An alleged custodial killing in Kashmir yet again. It stirred unrest in the Kashmir valley after 21-year-old Muslim Muneer Lone died in police custody earlier this month. Kashmir’s Srinagar witnessed an appalling demonstration on 10th July by an aggrieved family along with the dead body of a young boy. Muslim was the sole bread earner of his family.

The Jammu and Kashmir police arrested him on 9th July for his alleged involvement in a case of theft. While being in police custody he died the very next day. Muslim’s father Muneer Ahmad Lone was an employee in the Army’s Srinagar Cantonment. His passing away a few years ago plunged his family of a wife and two sons into abject poverty. Muslim had recently purchased a load carrier vehicle, which he used to support his family and earn some money. Muslim’s death has left his mother and an unemployed brother shattered.

The family alleges that Muslim died in police custody due to unknown circumstances. The police, on the other hand, have denied any responsibility for his death. Instead, the police accuse Muslim of being a drug addict and claim that he died due to drug overdose. “During questioning his health condition got worse as he had taken heavy drugs and was not responding well. After that, he was handed over to his family members. They took him to hospital where he had died,” Senior Superintendent (SSP) Rakesh Balwal told Rising Kashmir.

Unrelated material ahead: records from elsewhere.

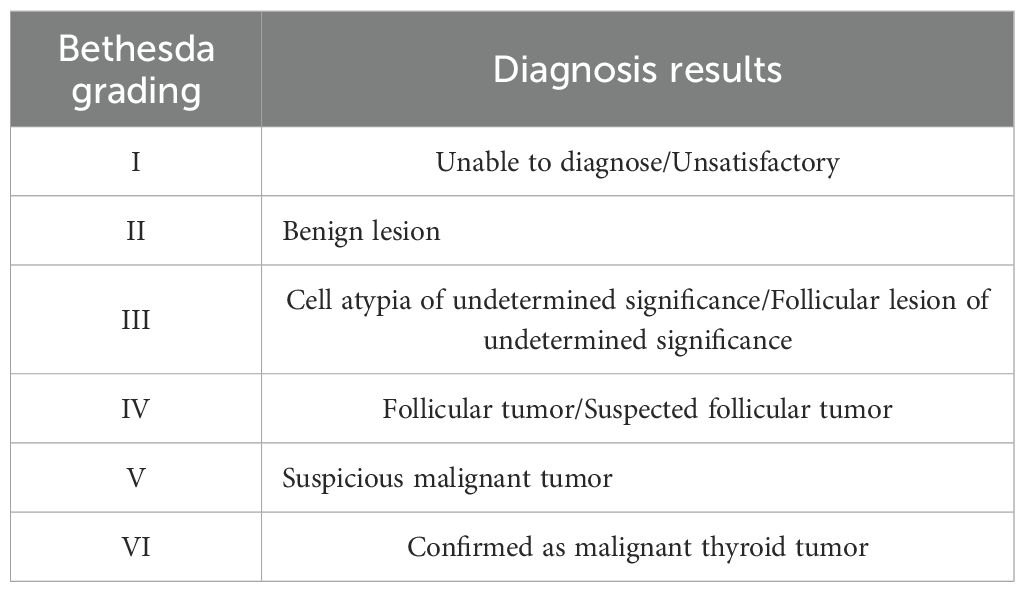 The patient’s postoperative pathology or FNAB results are provided in a standardized pathology report issued by a pathologist with more than five years of experience, FNAB results are graded according to the 2017 Bethesda Thyroid Cytopathology Reporting System (7), with grading criteria shown in (Table 1). Postoperative thyroid pathology is based on the final pathological paraffin-embedded section as the gold standard. If a patient with a nodule undergoes only FNAB without nodule excision for histopathological assessment, Bethesda Grade V-VI is considered malignant; Bethesda Grade II, with nodule stability or volume reduction observed via ultrasound follow-up, is considered benign (8), Among the 217 patients with 315 nodules, 173 patients underwent FNAB, involving227 nodules, of which 59 nodules were classified as Bethesda Grade II and did not undergo further nodule excision surgery; 165 patients underwent thyroid nodule excision surgery, involving 217 nodules.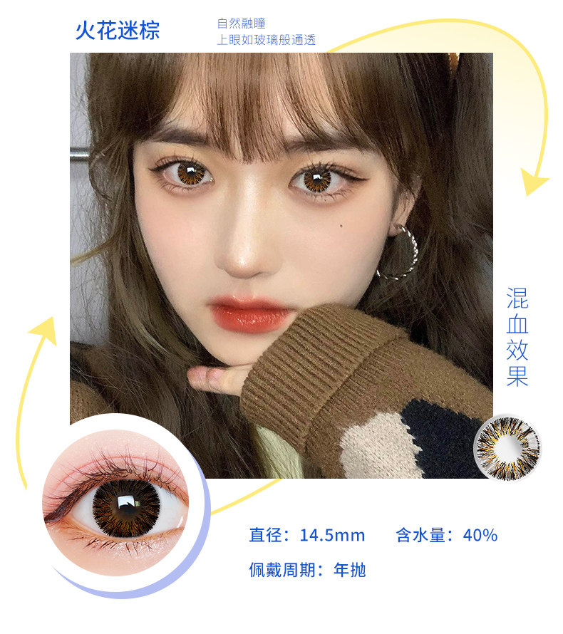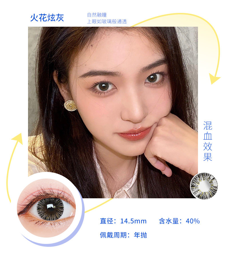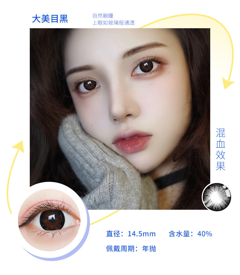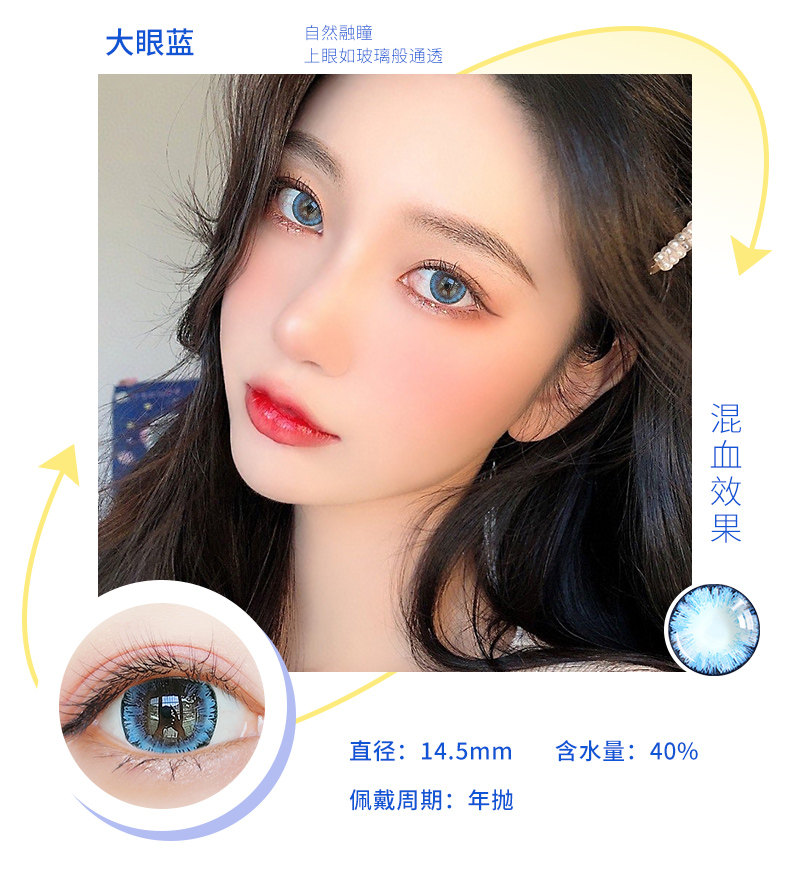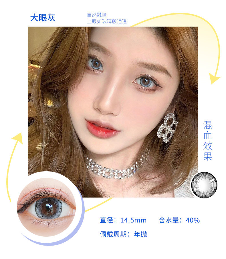 Houhou Big -Eyeed Girl Beauty Beauty Supil Big Diameter 14,8 года бросает европейский и американский смешанный QL Cloid Contact Lins Box половина года бросает День броски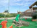 Im Dorf gibt es ein großes Gästegelände der Brauerei „HBH Juozo alus“ mit Biergärten, Restaurants, einem Reitzentrum und einem ausgedehnten Kinderspielgelände. So sieht das Gelände am frühen Morgen aus, bevor es für Besucher geöffnet ist: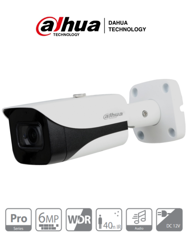 DAHUA HFW2601E-A-036 – Camara Bullet de 6 Megapixeles/ Lente 3.6 mm/ WDR Real 120 dB/ IR de 40 Mts / IP67/ Microfono Integrado + 1 Entrada de Audio/ #SeriePro

Also, read Police Attach Properties in Kashmir for Harbouring Militants

Died due to Torture in Police Custody, Family Alleges

Muslim’s family has denied the allegations of the police and claim that he died of torture in police custody. “They are trying to cover up the crime. Has the police ever caught him with drugs? There is no police case against him anywhere in Kashmir. They are justifying his death by saying that he was a drug addict. We demand an impartial probe”, alleged Zeeshan, Muslim’s cousin.

Muslim’s fifty-three-year-old mother Shafiqa recalls the occurrences one after the other. Post the arrest of her son, she recalled the insensitive and inhumane behavior of the police officials. “A policeman (name withheld) told me that Muslim was being probed in a case of theft and that they will set him free soon. Had I known that he was going to get killed, I would have never let them enter the house,” said Shafiqa, weeping inconsolably.

Shafiqa reported that the same police crew returned in the afternoon. She claimed that they arrived in a private vehicle with only male police officers present in it. After which they informed her that Muslim had lost consciousness and that she needed to report to the police station. Narrating the horror she said the car came to a complete stop around 15 minutes into the trip. “The policeman instructed me to switch to another vehicle that was parked on the side of the road, where after entering I saw Muslim lying unconscious on the middle seat”, she said.  While opening the knot of her scarf she shows Rs 400 which she said the police had given her. After making her sign some paperwork the police took them to their residence instead of rushing them to the hospital. 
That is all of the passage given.